EXERCISE AIM
From the line containing "Recordatorio de soporte" through the last line of the entries below, print each line exactly. Pictures stay out.

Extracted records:
--------------------
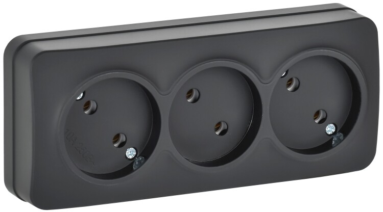 Розетка трехместная IEK РС23-2-ХЧм Glory (10 А, IP20) открытой установки, черный матовый
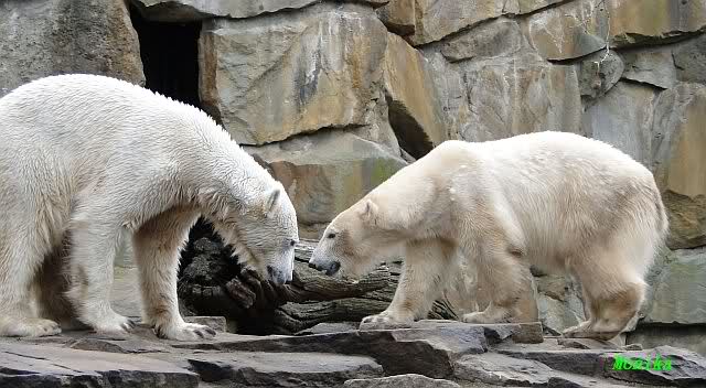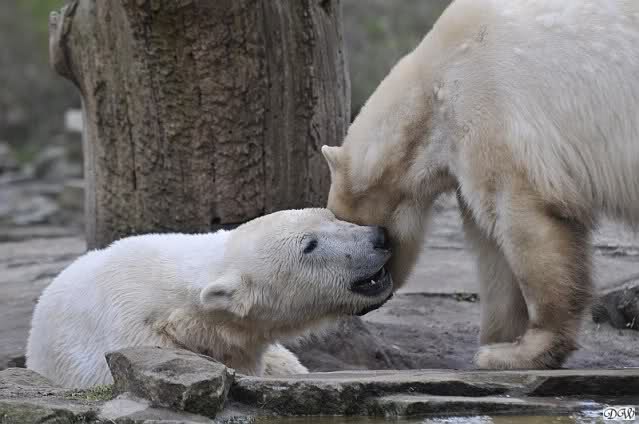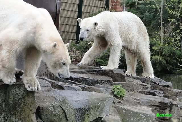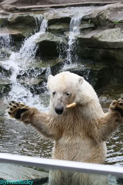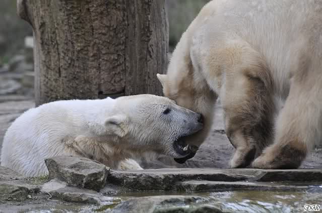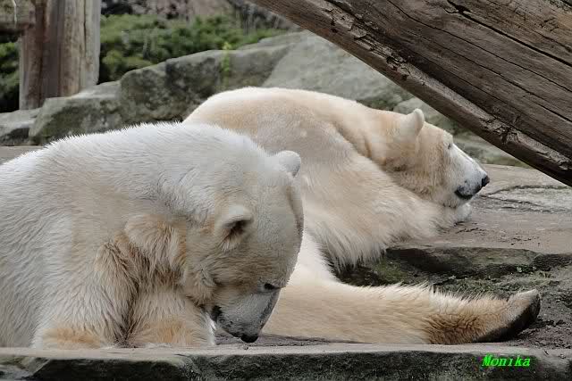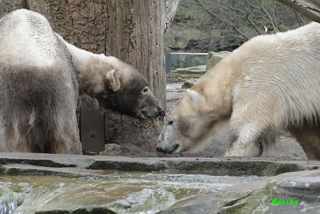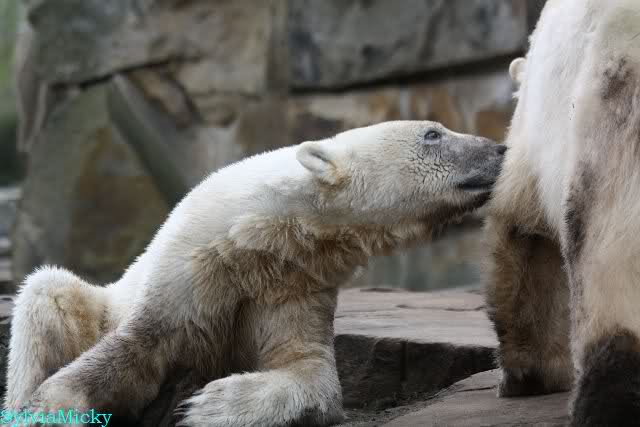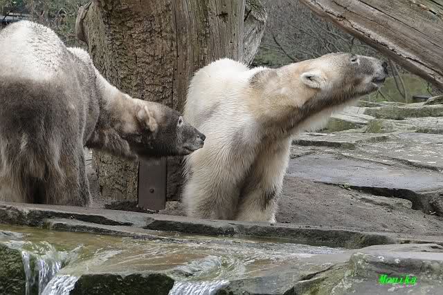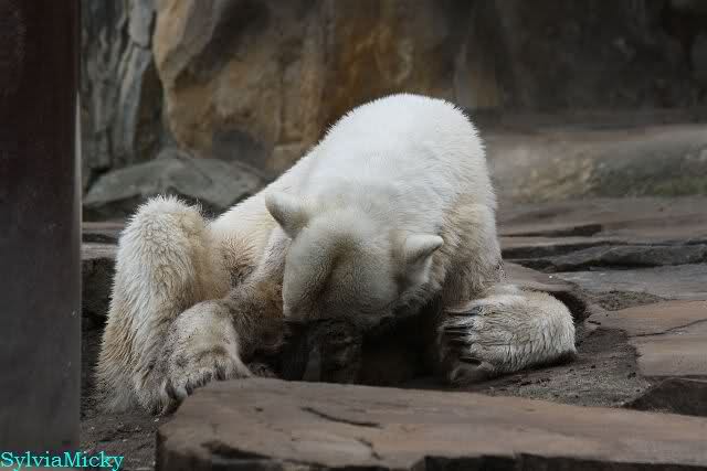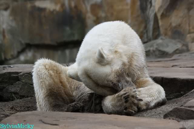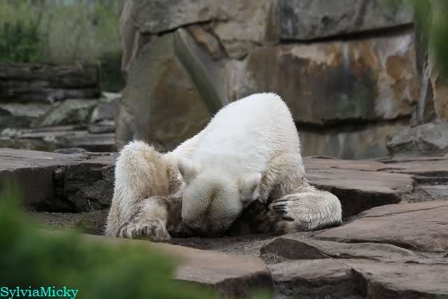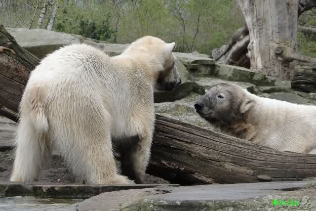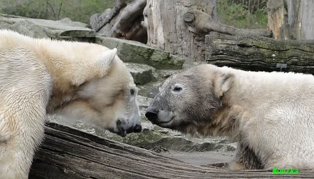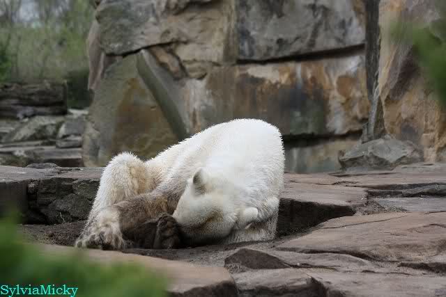 Danke für die heutige Fotoausbeute der Bärchen. Sind die wieder gut getroffen. Armer Knut, er hat aber auch keine Zeit für die Mittagsruhe. Gianna ist eben immer dabei, und stört ihn bei seinem Schönheitsschlaf.
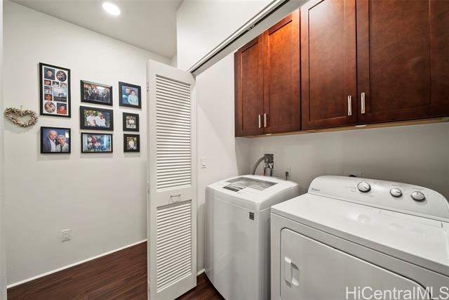 This beautiful new home is located in the highly desired community of Hoopili. It offers easy access to shopping centers, the new rail system, and the highway.. This house is a well-maintained property with three bedrooms and two bathrooms. It is connected to natural gas, which provides several advantages. The gas range in the kitchen allows for efficient and precise cooking. Additionally, a tankless water heater ensures instant hot water while saving on energy consumption. There is also a gas BBQ stub, providing a convenient setup for outdoor grilling. While the current washer and dryer are electric, there is a gas hook-up available. Outside, the home features a spacious yard, perfect for entertaining, or enjoying outdoor activities. The property is equipped with 15 owned Solar (photovoltaic) panels and 2 Tesla Batteries, 5 ceiling fans, Plantation shutters throughout, and a dedicated 20 amp in lanai for the smoker. The large covered lanai provides a comfortable space to relax and appreciate the beautiful surroundings. This community also offers a range of other amenities, including playgrounds, a pool, a rec center, and a pickleball court.
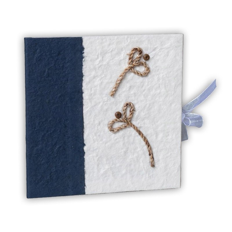 Recordatorio de soporte y tapas rígidas. Papel natural. Medidas: 15x15 cm. Sobre incluido. Artículo descatalogado. Sólo unidades disponibles en tienda.
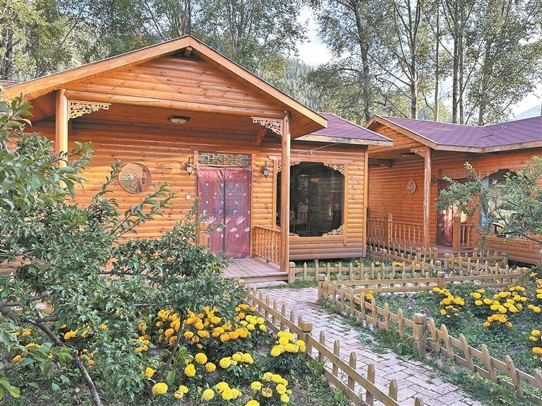 环视一周,几座木质小屋映入眼帘,原木色外观透着古香古色的韵味;屋前精心布置的花园里,鹅黄、橘红、烟紫的花儿开得灿烂,绿叶繁茂的树木点缀其间,满是生机;一条砖石铺就的小径延伸向小屋门廊,周围树木葱郁,整体环境清幽雅致。
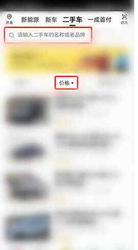 3、点击(click)二手车进入二手车选购界面,可途径搜索功能先初步搜索心仪的品牌,途径价格設置能接受的价格区间。
--------------------
RESPONSE AREA
 Recordatorio de soporte y tapas rígidas. Papel natural. Medidas: 15x15 cm. Sobre incluido. Artículo descatalogado. Sólo unidades disponibles en tienda.
 环视一周,几座木质小屋映入眼帘,原木色外观透着古香古色的韵味;屋前精心布置的花园里,鹅黄、橘红、烟紫的花儿开得灿烂,绿叶繁茂的树木点缀其间,满是生机;一条砖石铺就的小径延伸向小屋门廊,周围树木葱郁,整体环境清幽雅致。
 3、点击(click)二手车进入二手车选购界面,可途径搜索功能先初步搜索心仪的品牌,途径价格設置能接受的价格区间。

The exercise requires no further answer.